# Project: Megaline's newer plans Smart or Ultra

## Table of Contents

* [Project description](#Project_description)
* [Description of the data](#data)
* [Open the data file](#open)
* [Split the source data ](#split)
* [Check the quality of the model using the test set](#test)
* [Conclusion](#conclusion)

## Project description <a class="anchor" id="Project_description"></a>

Mobile carrier Megaline has found out that many of their subscribers use legacy plans. They want to develop a model that would analyze subscribers' behavior and recommend one of Megaline's newer plans: Smart or Ultra.

You have access to behavior data about subscribers who have already switched to the new plans (from the project for the Statistical Data Analysis course). For this classification task, you need to develop a model that will pick the right plan. Since you’ve already performed the data preprocessing step, you can move straight to creating the model.
Develop a model with the highest possible accuracy. In this project, the threshold for accuracy is 0.75. Check the accuracy using the test dataset.

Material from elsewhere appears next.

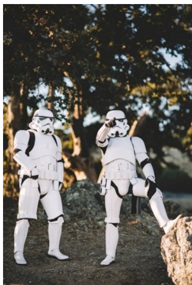
by Saksham Gangwar @saksham

16. Write a story based on one of two photos (100–250 words, articles and contractions are counted as one word each).
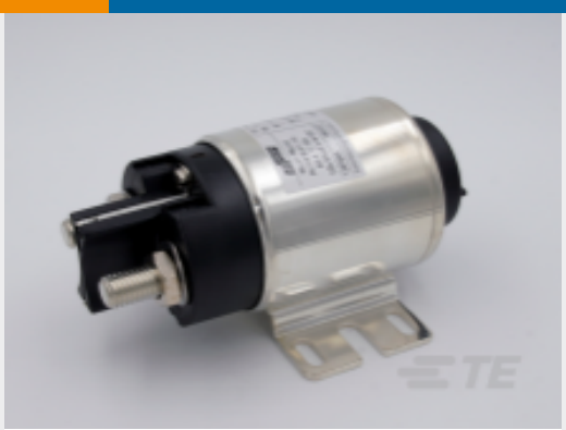
TE Part #K1131955 RELAY 500A 24V S-FL LK 29-511-12A

## Description of the data  <a class="anchor" id="data"></a>

Every observation in the dataset contains monthly behavior information about one user. The information given is as follows:
* сalls — number of calls,
* minutes — total call duration in minutes,
* messages — number of text messages,
* mb_used — Internet traffic used in MB,
* is_ultra — plan for the current month (Ultra - 1, Smart - 0).

In [1]:
#import libraries
import pandas as pd
import numpy as np
import matplotlib.pyplot as plt
import math
from scipy import stats as st
import seaborn as sns
import plotly.express as px
import plotly.graph_objects as go
from sklearn.tree import DecisionTreeClassifier
from sklearn.metrics import accuracy_score
from joblib import dump
from sklearn.model_selection import train_test_split
from sklearn.ensemble import RandomForestClassifier 
from sklearn.metrics import mean_squared_error
from sklearn.linear_model import LogisticRegression

## Open and look through the data file <a class="anchor" id="open"></a>

In [2]:
 try:
    data = pd.read_csv('/datasets/users_behavior.csv')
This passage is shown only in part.